L’ascension du Front National remonte au début des années 80. Elle fut la conséquence, d’une part, de la réaction de la classe capitaliste à la victoire de la gauche en 1981, et d’autre part de la désillusion profonde créée dans l’électorat populaire par la volte-face politique du gouvernement Mauroy, en 1982-83.

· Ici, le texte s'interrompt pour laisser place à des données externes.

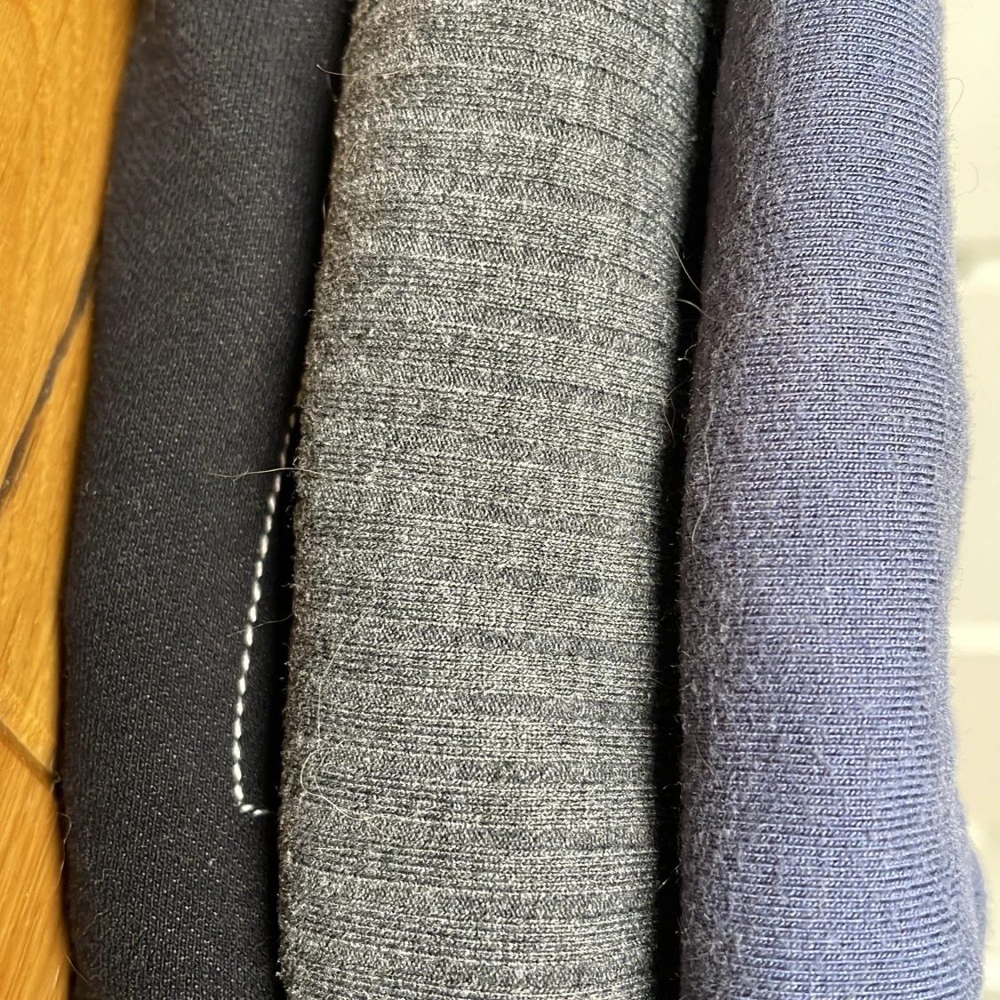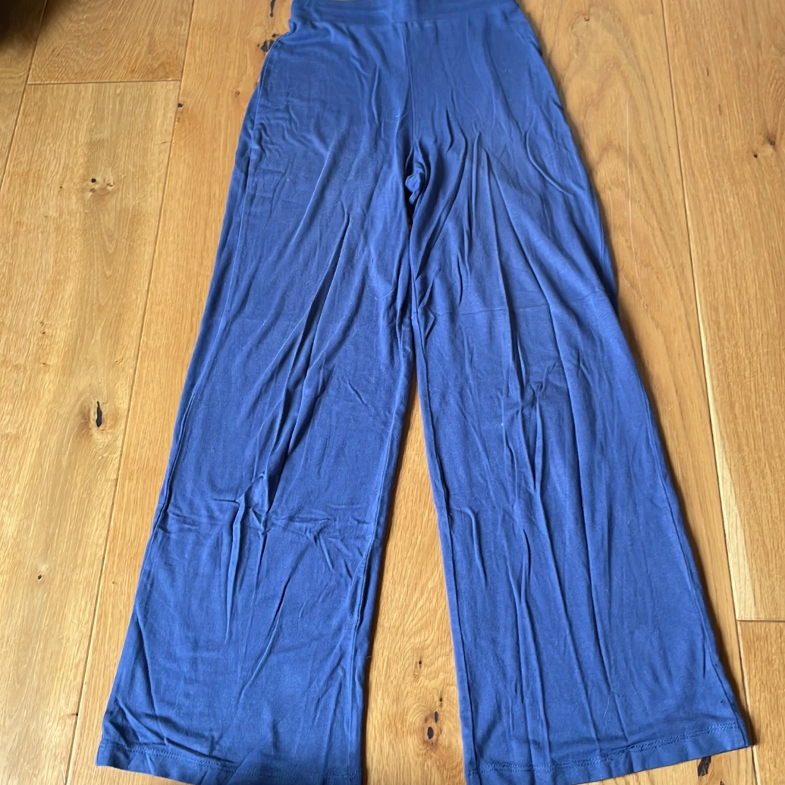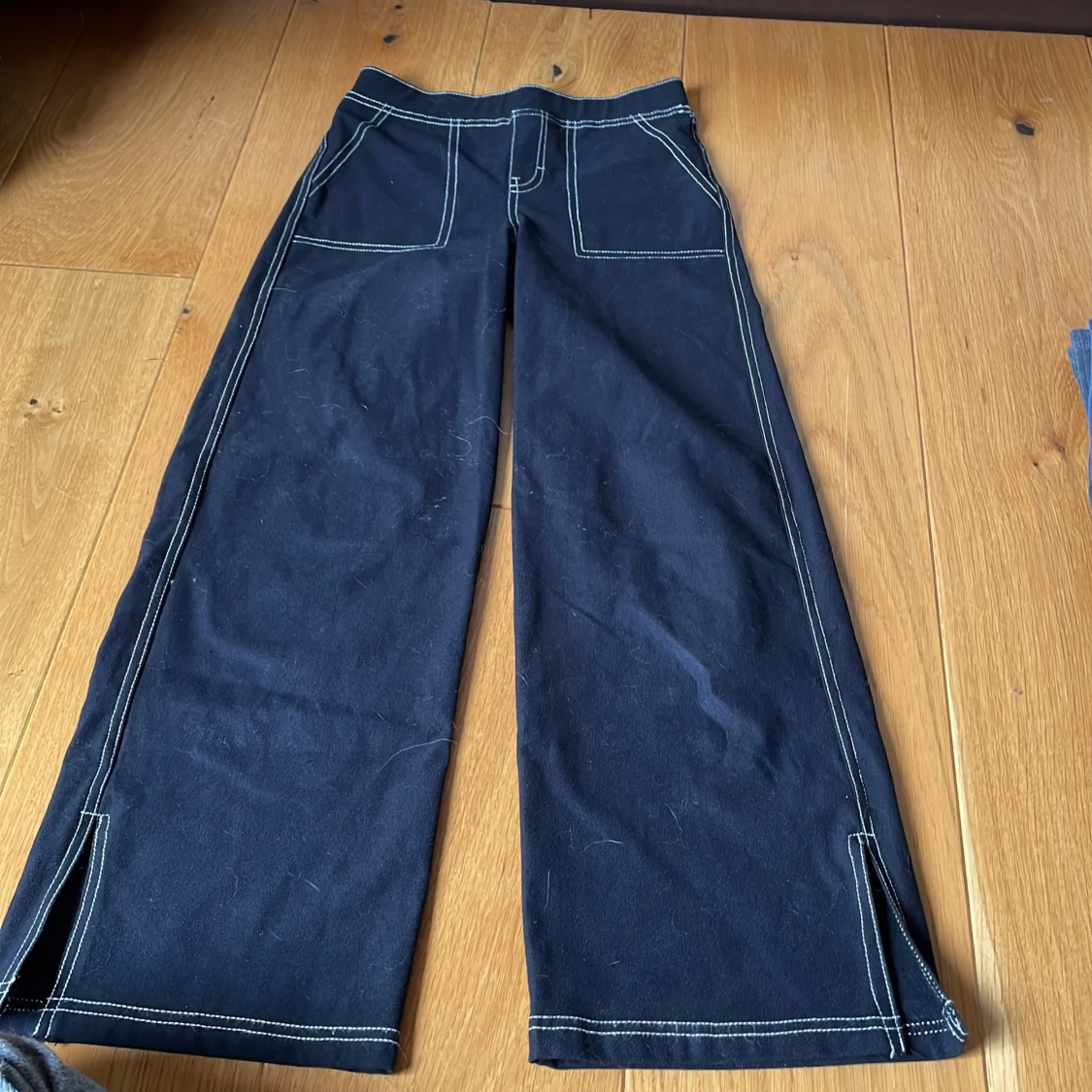 Alla byxor har stretch i midjan och de blåa byxorna är jätte mjuka i materialet och de svarta byxorna med vita sömmar är fejk jeans. 8-11Y. BRA KVALITET.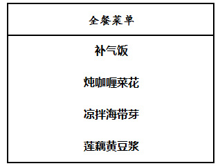 PS:“全餐”指导的是午餐和晚餐,而早餐建议一份有机精力汤即可。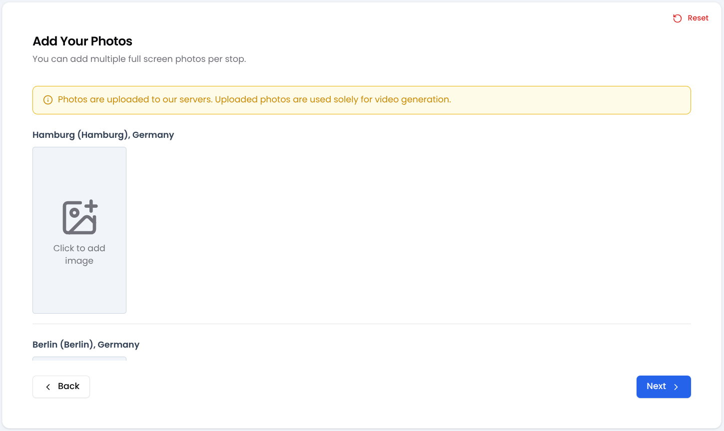 The photo page allows you to upload one or more images for each destination. When your final travel animation plays, these photos will be displayed one by one as the animation reaches each stop.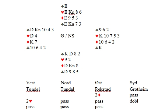 Han var spillefører i 5ru etter at øst hadde meldt spar og vest støttet. Vest startet med spar fem stjeling på hånda. Ruter til esset avslørte dårlige nyheter, men Helge ga ikke opp. Han tok hjerterkutten og spilte en liten ruter til øst som fridde seg med hjerter konge til esset.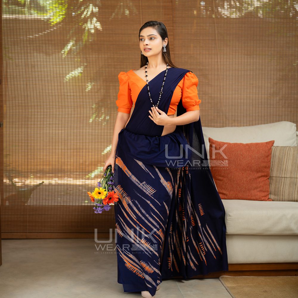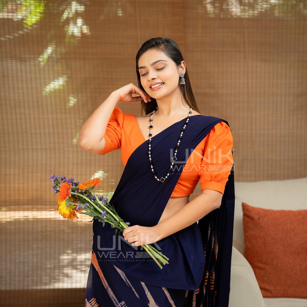 Handcrafted Cotton Batik Saree 2609 – Orange and Blue Saree

La classe capitaliste était effrayée par l’incapacité de l’UDF et du RPR – l’actuelle UMP – à empêcher l’arrivée au pouvoir de Mitterrand et d’un gouvernement socialiste-communiste. Sous le choc de la défaite, une fraction significative de la classe capitaliste s’est tournée vers Le Pen et le Front National dans le but d’intimider le mouvement ouvrier. Jusqu’alors, le Front National était une organisation marginale et pratiquement inconnue. Mais tout d’un coup, les portes et les coffres de la haute société se sont ouverts au parti de Jean-Marie Le Pen. La presse et la télévision lui ont assuré une large couverture médiatique. Par le biais de la propagande raciste du FN, les capitalistes espéraient diviser et affaiblir les travailleurs.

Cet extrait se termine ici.